Charles Higley says:
People in 3rd world countries and many cities and towns in the Middle East have power only so many hours a day…..
+++++++
Jimbo said:
As for the poor in Nepal and Mongolia it is something they have geared themselves for.
+++++++
The power is always on in Mongolia. Don’t know why, but it is. Many poor people struggle to heat their ‘gers’ with coal, not electricity though. The heat downtown is from the power station (Soviet style) raising the system efficiency of the antiquated design far above electric generation efficiency in the West. Many cold cities in Central Asia have these combined heat and power (CHP) systems.

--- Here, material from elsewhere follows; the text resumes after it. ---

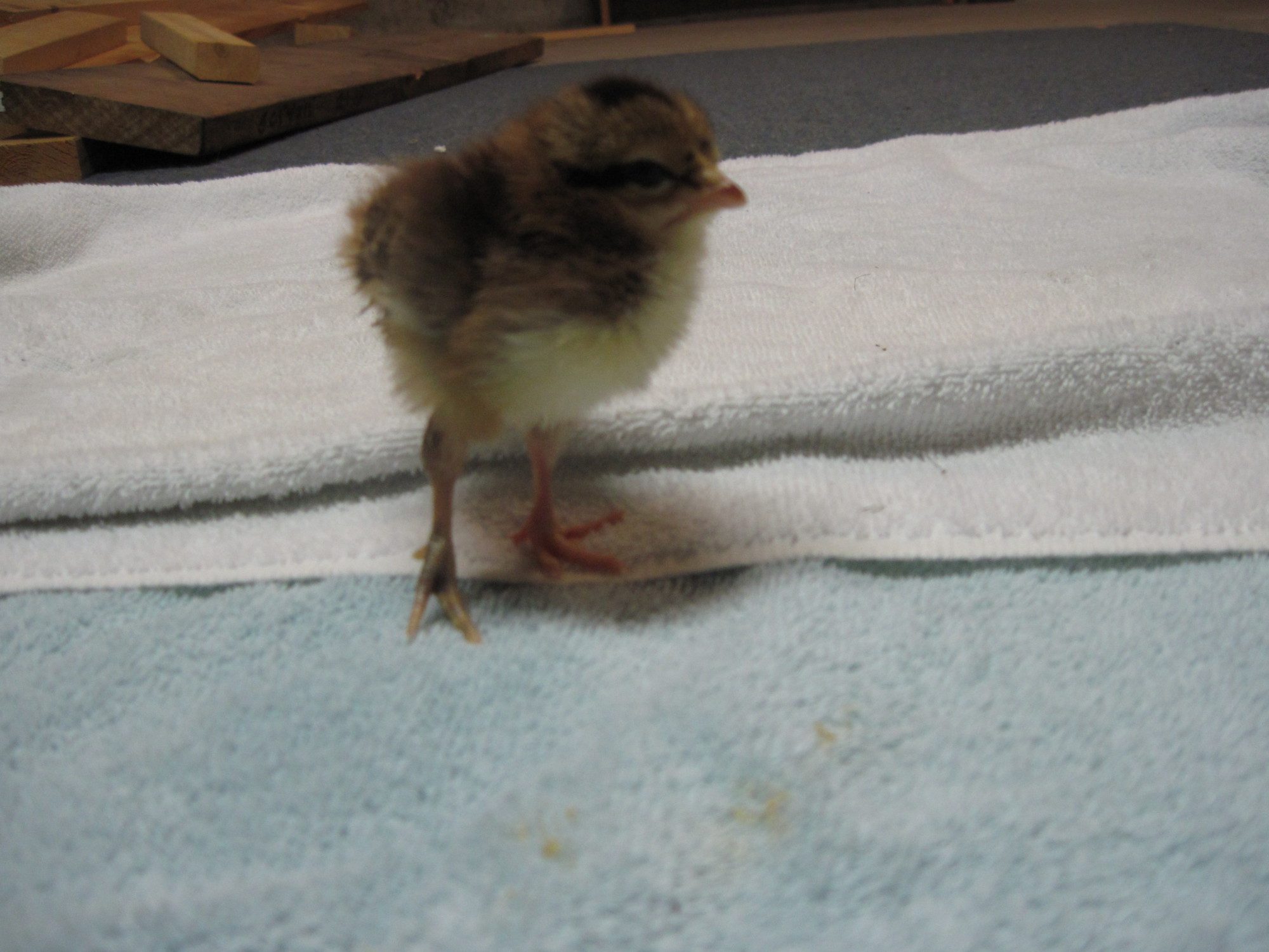 By the way, the game birds I hatched are the oddest chicks I've ever raised. They're only a few days old and yet they are insanely good at avoiding capture. I don't like being outwitted by a chick. It took me about 2 minutes to catch a poopybutt chick. I was about to have to call in reinforcements (BF). I think I'll need to handle them more than usual to get something a bit more closer to tame when they get older.

New developments in domestic coal stoves (for gers/yurts) have reduced coal consumption per day by 50% and PM emissions by 99%, nuch cleaner than coal-fired power plants. It was not until recently that some foreign group forced a wind farm onto the population but fortunately it was paid for by the foreigners. The poor will of course eventually have to pay more to run their TV and light (singular) to feed the windmill owners.
Other than that things are getting better all the time.
Interesting.
Something is amiss with this story .Why can I not find the original link from the Telegraph and why is article only presented as a cut-n-pasty sort of thing.Maybe I am
not looking for the article correctly.Skeptical minds want to know.
Al Gored said:
“BLYTHE, Calif. — Native Americans are clashing with the federal government over plans to fast-track approval and construction of massive solar energy projects that the Indians fear will harm sacred and culturally significant sites in Western deserts.”
I doubt there is anything “sacred” about their opposition to wind farms. They just want to be paid off, big time, like with cassinos.